*PROBLEM TO WORK ON*. Pictures in the records below must be left out. Return exactly the lines from the line with "Adidas juoksu/koripallo kengät." to the line with "[편집자 주] 원곡은", both included.
---------- SUPPLIED MATERIAL ----------
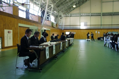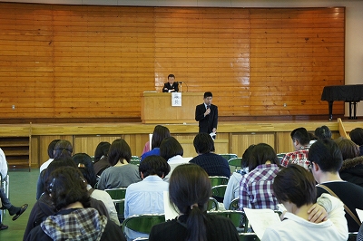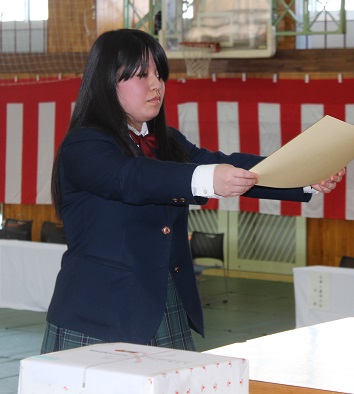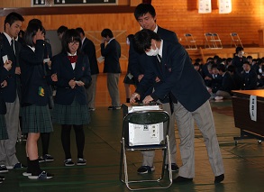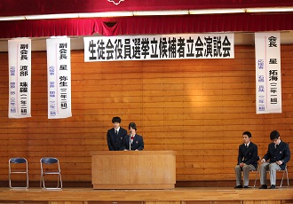 校長と選挙管理委員長の挨拶の後、会長・副会長立候補者及び応援者による演説が行われました。それぞれが当選したら実行したいことを真剣に訴え、一般の生徒達はその内容に耳を傾けていました。なお、立候補者は定員どおりの人数のため、信任投票となりました。
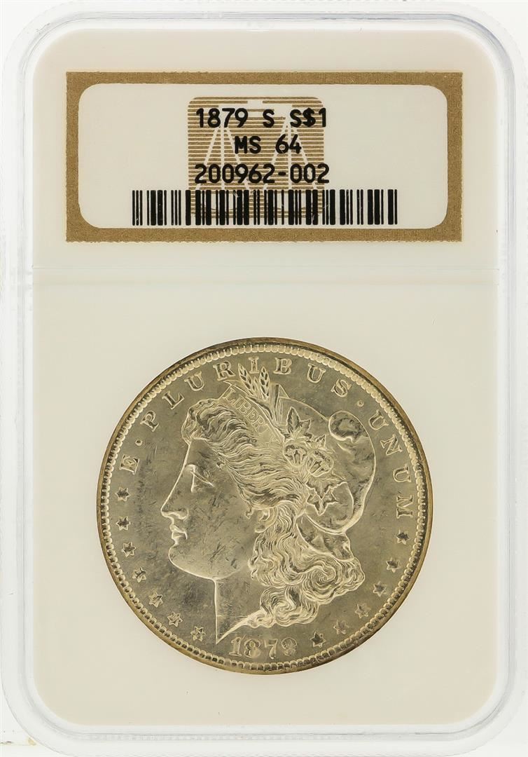 One 1879-S $1 Morgan Silver Dollar NGC Graded MS64. NGC Certified.
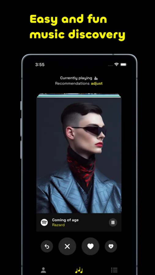 Level up your music discovery game and create the most amazing playlists with ease. Simply right swipe on songs you want to keep, and they will be added to a Spotify playlist of your choice. Simple as that.
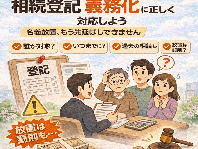 続きを読む前編では、相続登記が義務化された背景と「名義をそのままにする」ことの危険性を、中編では、相続登記義務化の具体的な内容(誰が・いつまでに・何をすべきか)を整理しました。 後編では、相続登記義務化にどう向き合い、何から手を付 …
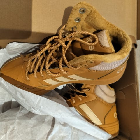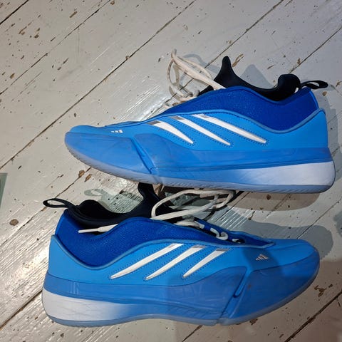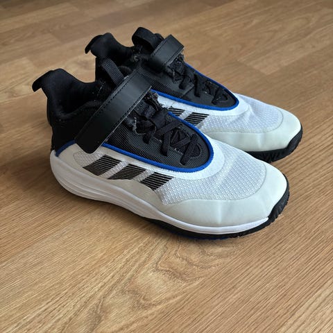 Adidas juoksu/koripallo kengät. Kiki 43,5. Kengissä on musta päällinen, kameleontti väri välipohja ja sivupaneelit sekä oranssit nauhat. Päällinen on osittain verkkokangasta, joka lisää hengittävyyttä. Pohjassa on vaimennettu välipohja ja kuvioitu ulkopohja. Kantapäässä on Adidas-logo. Soveltuu juoksuun ja muuhun liikuntaan.
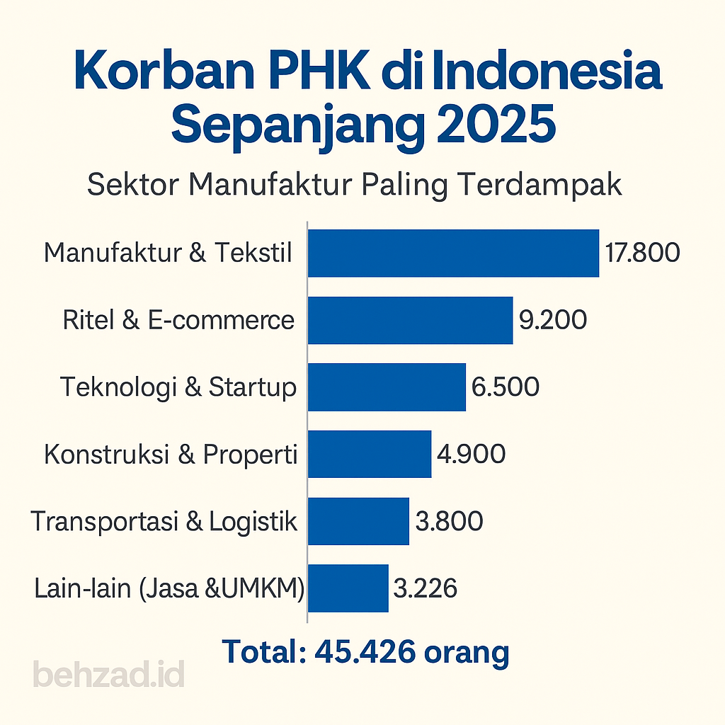Sektor Industri Jumlah Korban PHK Manufaktur & Tekstil 17.800 orang Ritel & E-commerce 9.200 orang Teknologi & Startup 6.500 orang Konstruksi & Properti 4.900 orang Transportasi & Logistik 3.800 orang Lain-lain (Jasa & UMKM) 3.226 orang
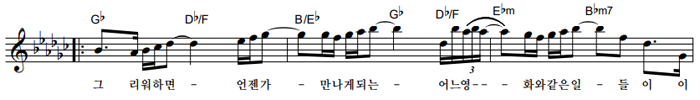 [편집자 주] 원곡은 Gb키이며, G키 기준으로 표기하면 G - D/F# - C/E - G - Em - Bm7 - C - D와 같이 진행된다
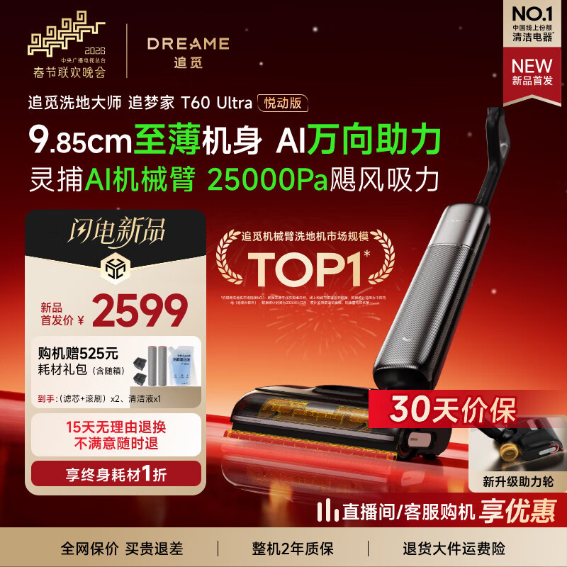 追觅【重磅新品春晚姐妹款】洗地机追梦家T60Ultra悦动版【万向助力】家用洗拖吸拖一体机自动清洗
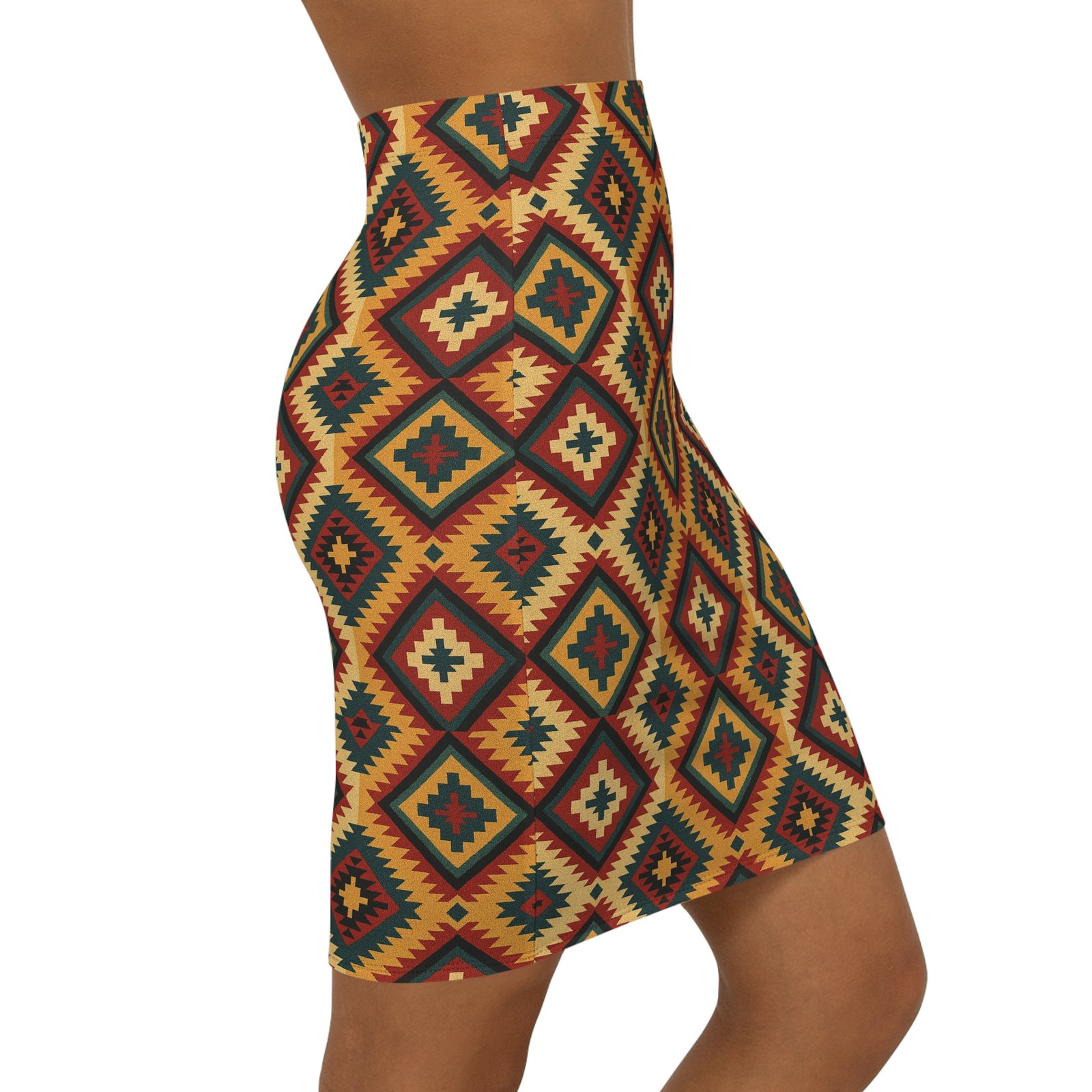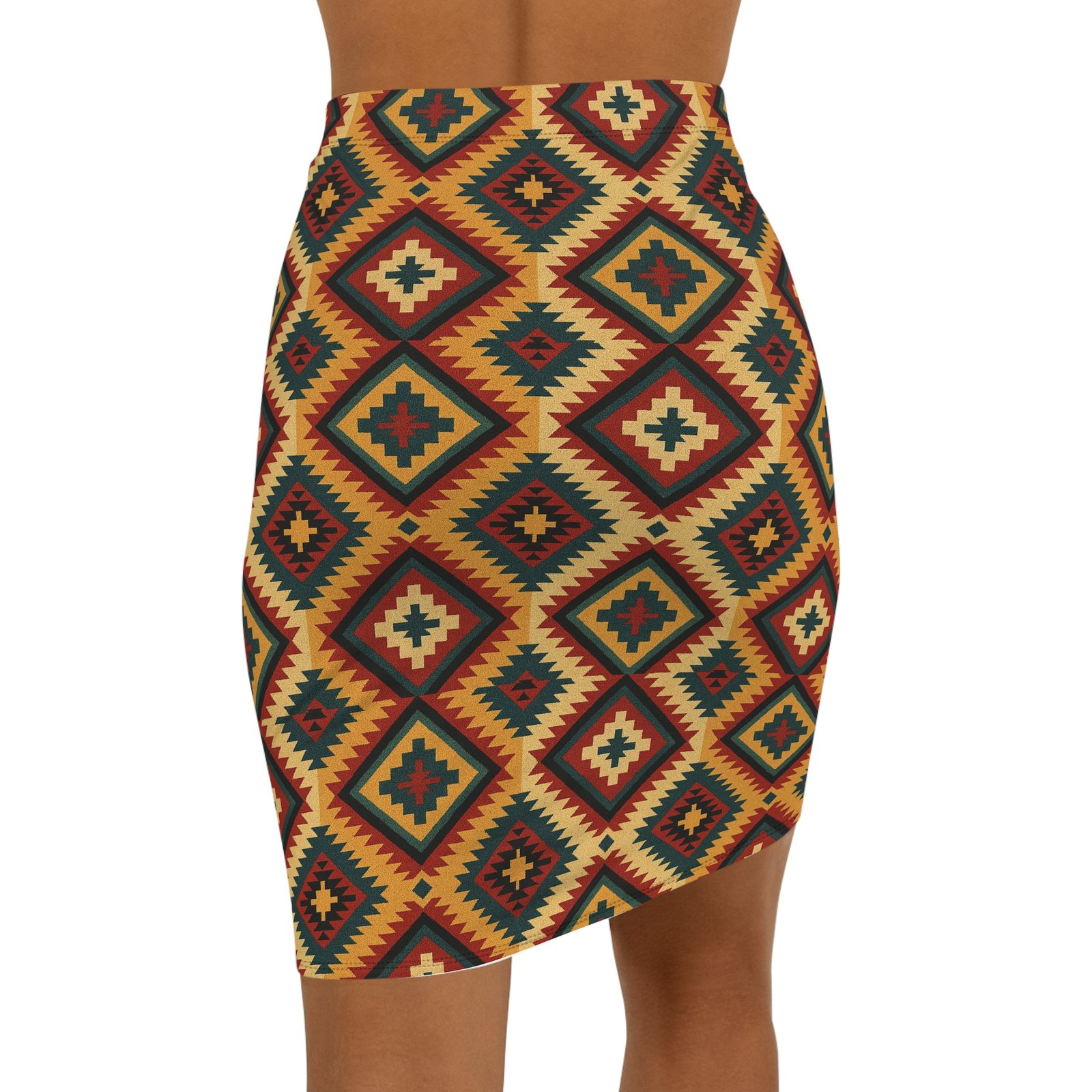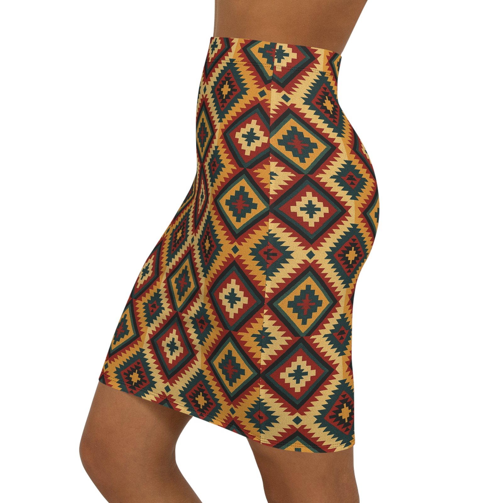 This Southwestern Diamond Pattern Skirt features a vibrant Aztec Geometric print, perfect for adding a unique flair to your wardrobe. The mid-waist slim fit and elastic waistband ensure a comfortable and flattering silhouette. Ideal for women looking to make a statement with their outfit, this skirt is great for casual wear or dressing up for special occasions.
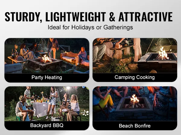 Brede toepassingen: Ideaal voor grillen in de achtertuin, tuin of terras, gezellig kampvuur met familie en vrienden en perfect voor speciale gelegenheden of vakantiebijeenkomsten om een warme sfeer te creëren.
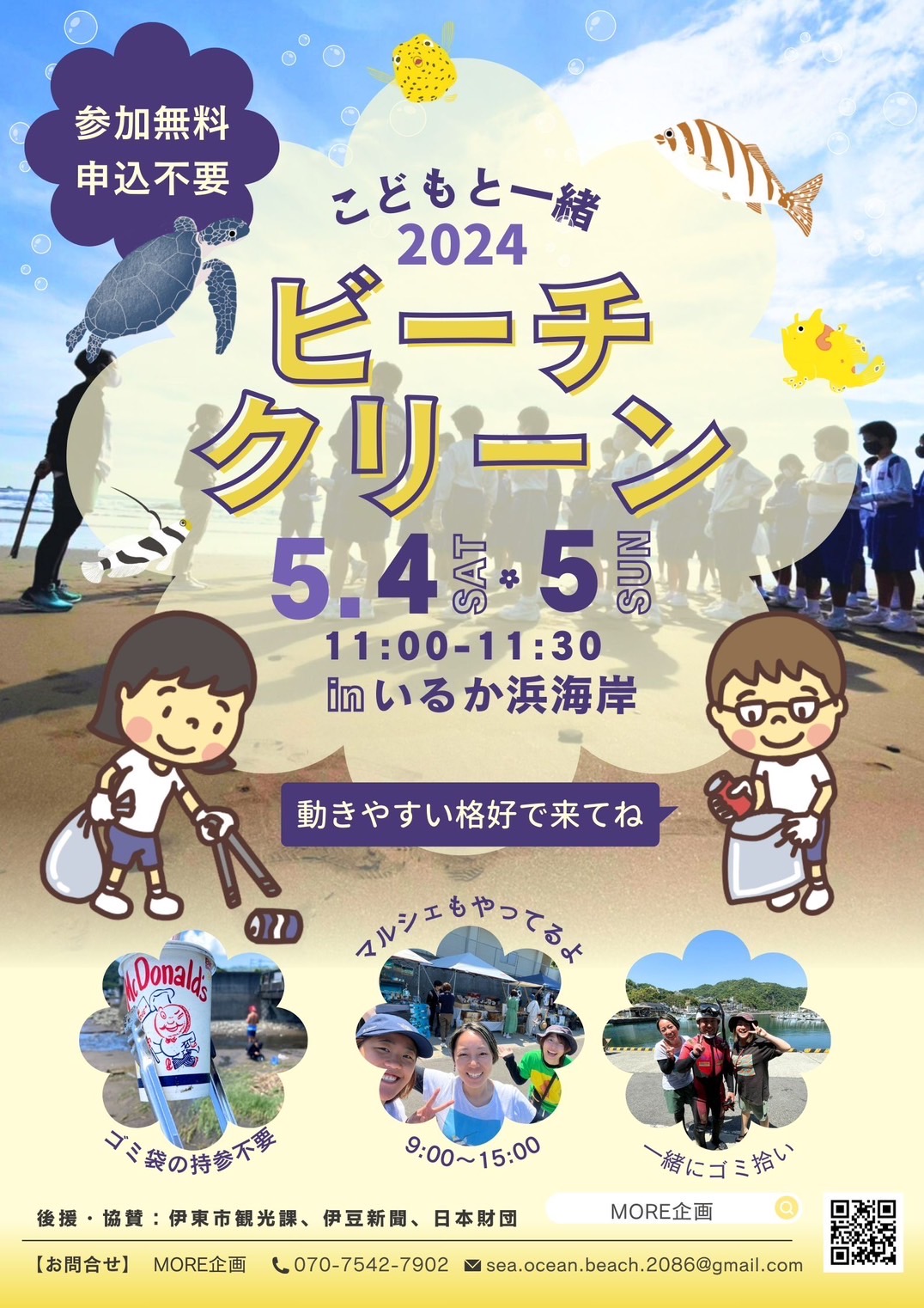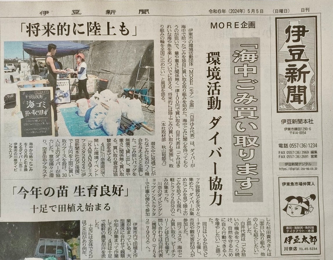【環境に配慮した商品やサービス等の紹介と販売】 ・MORE 企画の環境活動紹介ブース ・アップサイクル品や環境に配慮した店(アクセサリー、エコたわし、みつろうラップ等) ・海のイラスト店(一部の売上を寄付しているイラストレーター) ・コーヒーショップ(フェアトレードやオーガニックの豆使用、プラ蓋無しのカップで提供) ・オーガニックや発酵食品、無添加を中心とした飲食店(紙のテイクアウト容器使用) ・PADI ブース(環境に配慮した商品の紹介や活動の紹介) 等 【海岸・海中・街中清掃】 ・ゴミ袋とトングを各所に用意し、ダイビング前後に海岸清掃をできるようにする(イルカ浜、エント リー口、港の周辺等、人数と移動方法で場所は検討) ・清掃後のゴミをまとめておく場所を作り、2 日間で拾えたゴミの量を計測する ・ゴミ拾いを啓発するブースを作り、水中清掃の大切さをダイバーに伝える ・海上保安庁も参加をして、ビーチクリーンを実施する <概要> 【日時】2024 年 5 月 4 日(土)・5 月 5 日(日)9 時 00 分~15 時 00 分 【場所】川奈ダイビングエリア(駐車場~エントリー口間の壁沿い) 【企画・運営】MORE 企画、いとう漁協 川奈支所 川奈ダイビングサービス <詳細> 【集客方法】 ・ダイビングサービスでのポスターSNS、ショップへの周知 ・ダイビングショップや関係者(出店者含む)の SNS 周知 ・観光協会や環境課、地元の活動団体と協力し各所で周知 ・メディア事前掲載(伊豆新聞、ダイビング WEB マガジン) 【後援・協力】 伊東市観光課、伊豆新聞、伊東なぎさステーション、海上保安庁(伊東マリンパトロールステーション) <参加団体> 主催:MORE企画(運営事務局) 会場:伊東漁協川奈支所、川奈ダイビングサービス(企画、場所提供) 協賛:伊豆新聞、伊東市観光課、海上保安庁(MPS 伊東) <出店者> nao’s illustration:お魚イラストのグッズ販売(売り上げを環境活動団体へ寄付) halehapakailii:海のレジンアート(アップサイクル商品) MIHANADA:水中ゴミ拾いポーチ(環境のことを考えた水中ゴミ拾いバッグ) HOSSY:アルミ製の魚の洗濯ばさみ(脱プラスチックの洗濯ばさみがテーマ) まるまるどっぐす:オーガニック、天城産伊豆鹿肉ジャーキー、河津川産天然鮎ジャーキー 彩✴︎sai アート店:ワンポイントフィンアート happy planet:エシカル雑貨をハンドメイド、エコたわしやアップサイクルの販売 TSUGU:海で見つけたカケラをアップサイクル、収益の一部を海洋汚染問題に取組む団体に寄付 たけみごはん:野菜たっぷりの彩り弁当(化学調味料・白砂糖不使用、天然の塩使用) ハナのつむじ:伊豆の無農薬野菜お弁当、無農薬ジュース、自家焙煎珈琲、身体に優しいおやつ 珈ノ鳥珈琲:バタフライカップを使用したノープラスチックコーヒー店 くろいあひる:天然酵母ドーナツを無添加で販売、その場で揚げて提供 ふりだやカレー:食材にこだわったエスニックカレー、ノープラスチック おむすび café:地産地消の身体に優しいおむすび、ノープラスチック Rainbow of grace:エコ・安心・安全を心がけた美味しいカンパーニュホットサンド DJ:masa&tomo&イムハQによる DJ ブース <実施実績> ・来場者(一般):4日200名、5日100名、合計300名 ・来場者(ダイバー):4日104名、5日77名、合計181名 ・ビーチクリーン:4日50名、5日15名、合計65名 ・2日間で回収したゴミの量(陸・水中)300キロ |
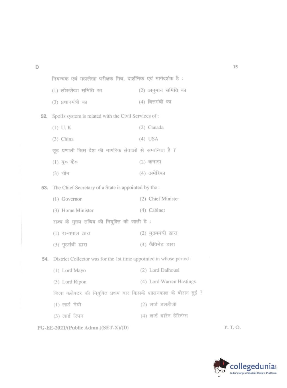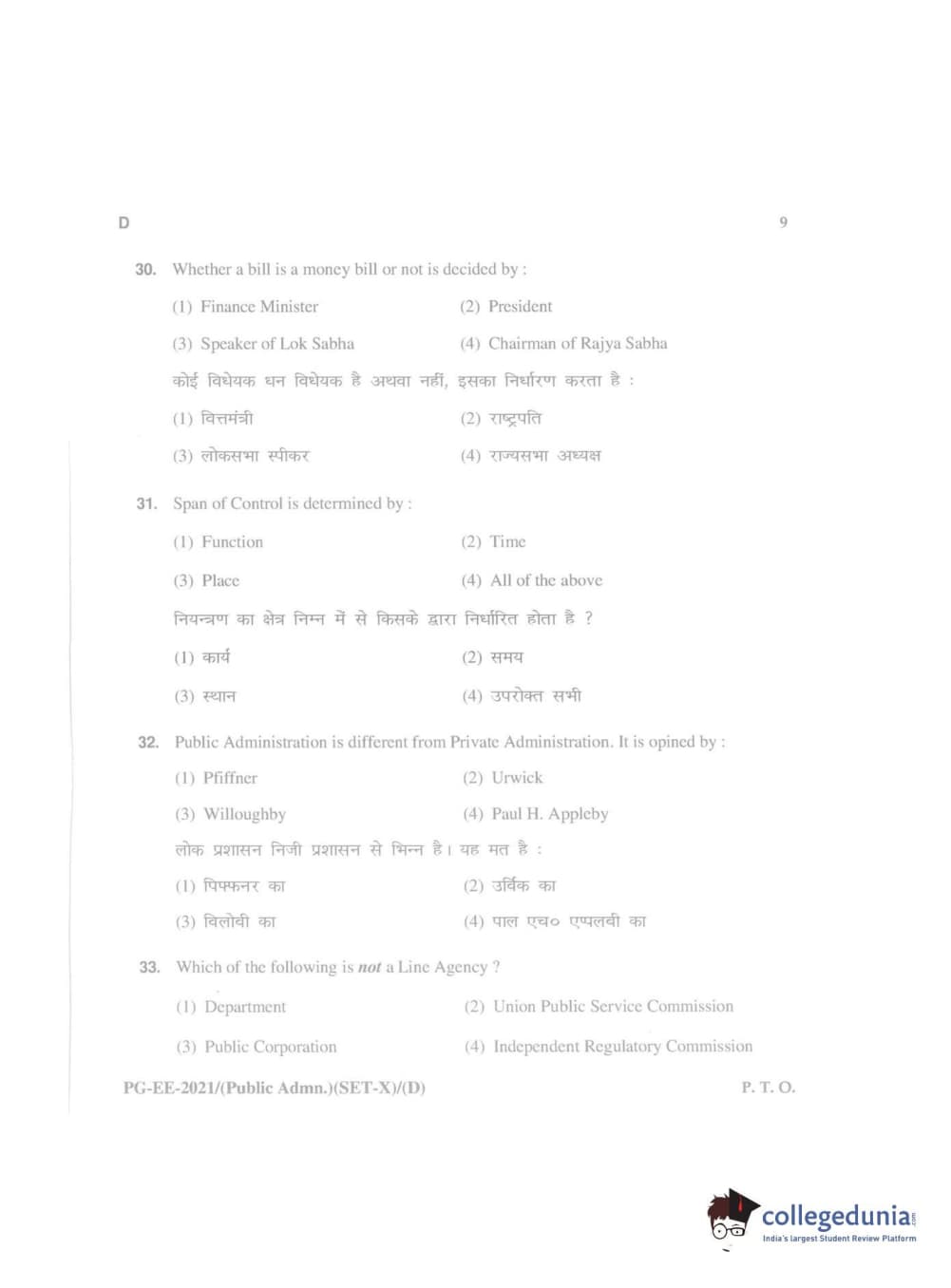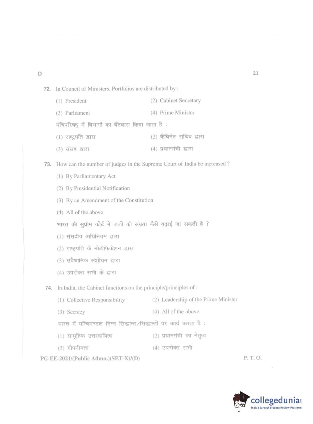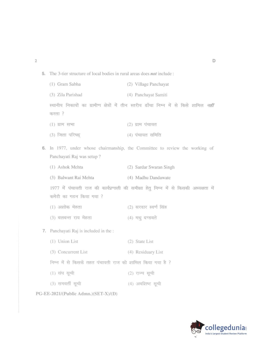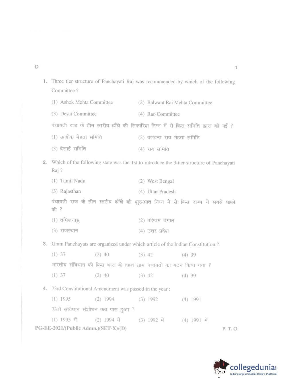 MDUCEE 2021 Public Adminstration Set D Question Paper with Answer Key PDFs
----------
*RESULT*.
 Adidas juoksu/koripallo kengät. Kiki 43,5. Kengissä on musta päällinen, kameleontti väri välipohja ja sivupaneelit sekä oranssit nauhat. Päällinen on osittain verkkokangasta, joka lisää hengittävyyttä. Pohjassa on vaimennettu välipohja ja kuvioitu ulkopohja. Kantapäässä on Adidas-logo. Soveltuu juoksuun ja muuhun liikuntaan.
Sektor Industri Jumlah Korban PHK Manufaktur & Tekstil 17.800 orang Ritel & E-commerce 9.200 orang Teknologi & Startup 6.500 orang Konstruksi & Properti 4.900 orang Transportasi & Logistik 3.800 orang Lain-lain (Jasa & UMKM) 3.226 orang
 [편집자 주] 원곡은 Gb키이며, G키 기준으로 표기하면 G - D/F# - C/E - G - Em - Bm7 - C - D와 같이 진행된다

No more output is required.